Praneet9 / Representation-Learning-for-Information-Extraction

Pytorch implementation of Paper by Google Research - Representation Learning for Information Extraction from Form-like Documents.
Apache License 2.0
102 stars 29 forks source link

how to work on address candidates? #39

Open panwar2001 opened 10 months ago

panwar2001 commented 10 months ago

@Praneet9 The NER to extract address candidates is having accuracy issue and difficult to separate multiple address. Do you know any way , how to train model , example bert like model . The invoice may have address in a single line or multiple lines . The address will be situated anywhere in invoice. US or similar have unique format of address and simple regex can be used for them but what about an Indian address. Will there be any way to train invoice text and focus on these address words , through their context and not focus on words. Is There a way to train self attention / LSTM on address words based on their contextual representation to surrounding words, ml model must not focus on address words because the words can vary and have millions of variations.
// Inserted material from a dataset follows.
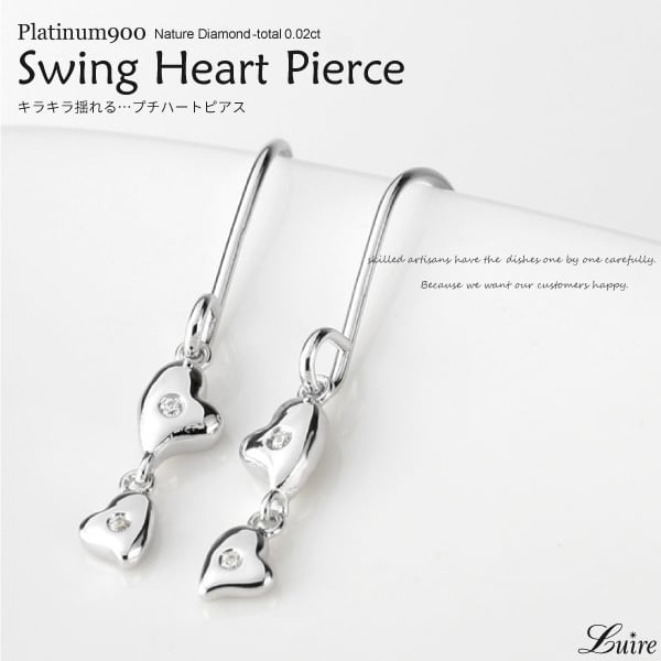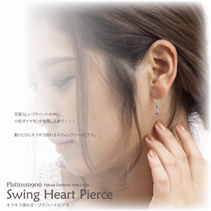 ピアス レディース プラチナ900 ハート 揺れる スウィング PT900 フックピアス 記念日 誕生日 ギフト プレゼント 自分ご褒美ジュエリー ホワイトデー

Praneet9 commented 10 months ago

I agree @panwar2001 Its a very difficult problem to solve and definitely not straightforward. With respect to this model, using diverse data can be the only solution. I would suggest having data where the spatial nature is more important (like blocks of texts, etc). This cannot be learnt easily based on just text. You can also use heuristic rules that separate the texts into blocks and in doing that removes the extra text out of the address (if it is predicted partially).
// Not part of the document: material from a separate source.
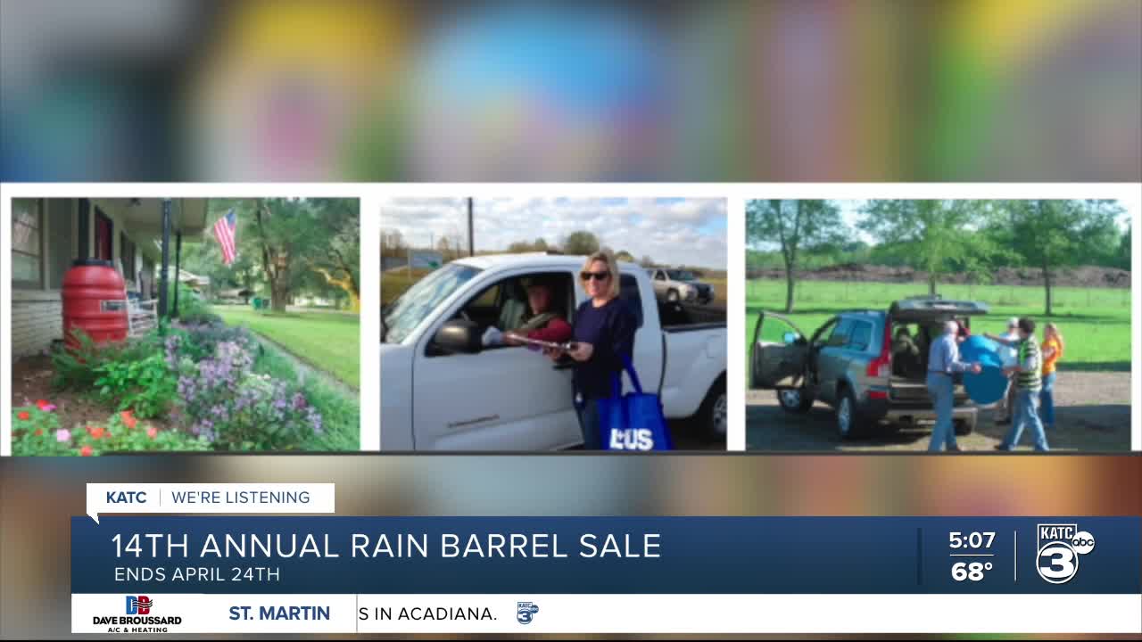 The 14th annual Rain Barrel Sale is underway in Lafayette Parish, giving residents an opportunity to support water conservation efforts and stormwater management across the Bayou Vermilion watershed. The sale runs through April 24. Residents in both city limits and unincorporated areas of the parish can purchase their first rain barrel for $44, while additional barrels are priced at $59. Officials say the program encourages environmentally friendly practices aimed at reducing runoff and protecting local waterways.

panwar2001 commented 10 months ago

Yes, I observed that address in invoice always occurs in a clustered block of text or single line , with surrounding space. So used openCV to get every block of text. There are other ways also like document layout through Layoutlmv3 and document image transformer or R-CNN. Although openCV works fine for grouping text. Then from each block of text some preprocessing has to be done like removing stop words or words which are commonly found in invoice , like which are non relevant to address . Example - total , subtotal, date, etc. After it the problem is which block to consider having address or not. Sometimes face the problem when 2 addresses comes in the same block . The solution found till now is that just have some hardcoded cities / states and search it for or run NER algorithm to detect any sort of address within block of text.